Power—who won a Pulitzer Prize for her book on human rights—will join a slew of Harvard professors moving to Washington to join the Obama administration, including many of her colleagues at the Kennedy School and her husband, Cass R. Sunstein ’75, a professor at Harvard Law School.
While the details about Power’s role remain unclear at this point, she will be required to work closely with Secretary of State Clinton as the senior director for multilateral affairs at the NSC, according to the Associated Press.
In March 2008, Power gained notoriety during the presidential campaign for calling Hillary Clinton a “monster.” She resigned as an adviser to the Obama campaign soon after.
Her gesture to apologize to Clinton was reportedly well-received, and Power was brought back into the fold to review both the State Department and the U.S. mission to the United Nations for the presidential transition.

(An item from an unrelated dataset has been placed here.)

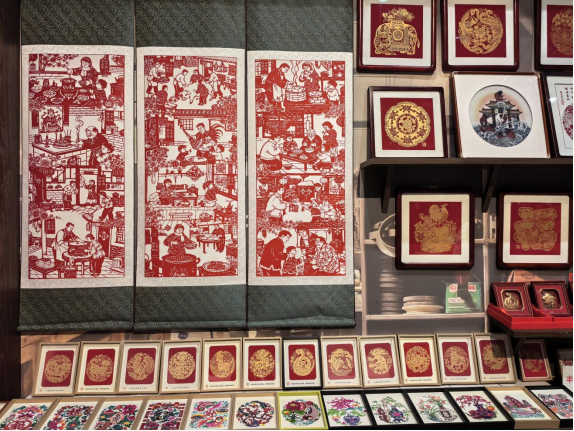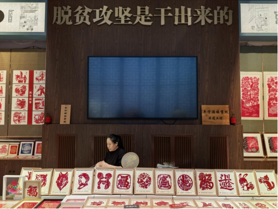 這是中國(guó)工藝美術(shù)館里的豐寧滿(mǎn)族剪紙非遺工坊。新華網(wǎng)記者 唐斕 攝

Power’s colleagues at HKS lauded her appointment, citing her foreign policy and academic credentials as key reasons she will be able to make a lasting contribution in the administration.
Former Dean of the Kennedy School Joseph S. Nye—who has been offered the position of U.S. ambassador to Japan—recalled that Power played an instrumental role in building the school’s Carr Center for Human Rights Policy, which she founded in 1999.
“She was energetic, intelligent, and a great success,” Nye wrote in an e-mailed statement. “She is a remarkably talented person, and I am sure she will make a major contribution on the NSC.”
Kennedy School Professor Graham T. Allison Jr.—who met Power when she was a third-year student at Harvard Law School and later co-edited a book on human rights with her—said that Power’s academic work may provide the best clues for how she will shape foreign policy in her new role on the NSC.
“A Problem from Hell,” her Pulitzer Prize winning book in 2003, explores the nation’s response to genocides in Cambodia, Iraq, and Rwanda among others, throughout the twentieth century.
Kennedy School Professor Jeffrey A. Frankel points to her “passionate” efforts in bringing the issues raised by the Rwandan genocide, for example, to national attention.
“People speculate as to why Bill Clinton did not intervene to try to stop the Rwandan genocide,” said Frankel, who served on the Council of Economic Advisors under Clinton.
“They probably don’t realize that there was never even a meeting in the White House at which such an action would have been considered,” he added.
Frankel said that if another similar event were to take place, Power, in her role on the NSC, would “bring it forcefully to President Obama’s attention.”